A number of organizations — including the State Duma, the Foreign Ministry, Rossotrudnichestvo, the Russian World foundation, and several others — had been responsible for different initiatives aimed at supporting the Russian language abroad, before the government decided to systemize those efforts.

The Council on the Russian Language will be established by early fall. It will include representatives from the State Duma, Rossotrudnichestvo, the ministries of foreign affairs, education and culture, and academic, educational, creative and business organizations; Deputy Prime Minister Olga Golodets will become its head, Izvestia reported.

Alexei Levchenko, a representative of Olga Golodets, said that preparations for the establishment of the Council were in their final stages; its 2013 budget will amount to 1.5 billion rubles ($45.9 million).

The Pushkin State Russian Language Institute, which will prepare academic and teaching materials, will become the hub for the study of language.

The assistant dean of the Foreign Students Training Department, Baraudin Karadzhev, told RBTH that interest in the Russian language had been rising in recent years and students were coming from around the world to receive language training.

“Eastern countries demonstrate a strong interest in the language, and we have many visitors from CIS countries. For example, there are already three Russian language centers in Dushanbe, Tajikistan. We cooperate with such centers in nearly all European countries. Foreigners are opening centers on their own, where they teach Russian. In September, we will welcome a large group of students from Germany,” Karadzhev told RBTH.

“We also have visitors from France, Belgium, Bosnia, Serbia, the Czech Republic, Slovakia, Egypt, Sudan, Thailand and Saudi Arabia,” said Karadzhev.

He pointed out that entrepreneurs and lawyers working with Russian companies constitute the bulk of learners; there are also specialists in the humanities, including philologists, translators, historians, psychologists and sociologists.

Karadzhev noted that the Pushkin Institute used to have many branches, but, after funding dried up following the collapse of the Soviet Union, the centers started operating on their own and many had to close their doors.

According to Leonid Kalashnikov, first deputy chairman of the State Duma Committee on International Affairs, the new Council fits into Russian diplomacy’s “soft power” concept. He believes, however, that overall coordination should have been assigned to Rossotrudnichestvo rather than the government.

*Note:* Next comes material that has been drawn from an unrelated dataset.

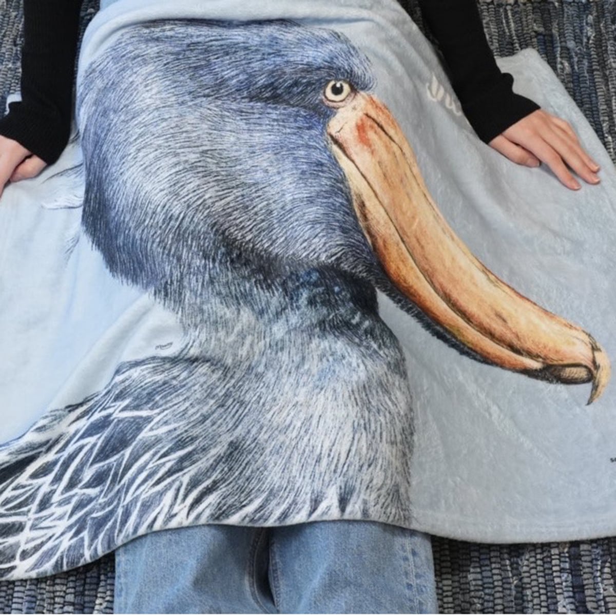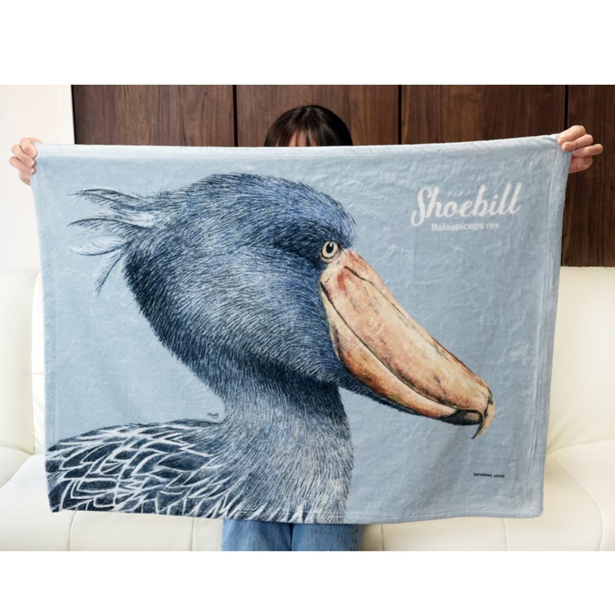 インパクトのある横顔イラストのブランケット。ふわふわで柔らかい触り心地なので、 寒い日はもちろん、冷房のの効いたオフィスでも大活躍します。660mm×910mmの大判サイズ。

Olga Kryshtanovskaya, director of the Center for the Study of Elites at the Russian Academy of Sciences’ Institute of Sociology, believes that language is an effective tool for strengthening Russian influence abroad.

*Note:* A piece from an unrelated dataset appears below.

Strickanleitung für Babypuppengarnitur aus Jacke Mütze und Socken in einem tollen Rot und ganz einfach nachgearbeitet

“The Russian-speaking area has always been a zone of our influence — both cultural and geopolitical. The loss of the Russian-speaking population in the post-Soviet space is a geopolitical problem,” she said.

“Foreigners oriented toward doing business with Russia will want to study in those centers. There are also sufficient numbers of people that love Russian culture.”

Nikita Mkrtchyan, a senior researcher at the Higher School of Economics’ Institute of Demography, said that the number of Russian speakers worldwide has been shrinking rapidly over the past 20 years.

“Russian used to be taught all across the USSR, in the Warsaw Pact countries, in many Asian countries and in Africa. Citizens of former Soviet states that visit us today speak very poor Russian,” said the expert.

He added that, the more people have an opportunity to study Russian in their home countries, the better the quality of immigrants Russia will receive.

“We need immigrants from post-Soviet countries. Some 200,000 people move here annually for work; the official number of immigrants is 1.5 million, plus up to an estimated five million illegal immigrants. If all those people didn’t speak Russian, we would have to teach them here, which is more difficult: It’s harder to teach adults than children, and working immigrants just don’t have the time to study.”

Mkrtchyan also noted that the language centers would be developing in direct proportion to the growth of Russia’s appeal.

Director of the Russian World Foundation and chairman of the State Duma Committee on Education Vyacheslav Nikonov supports the idea, but believes the allocated funds are too small for the task at hand. Karadzhev agrees: Each language school requires serious investments, in addition to high costs of running the project.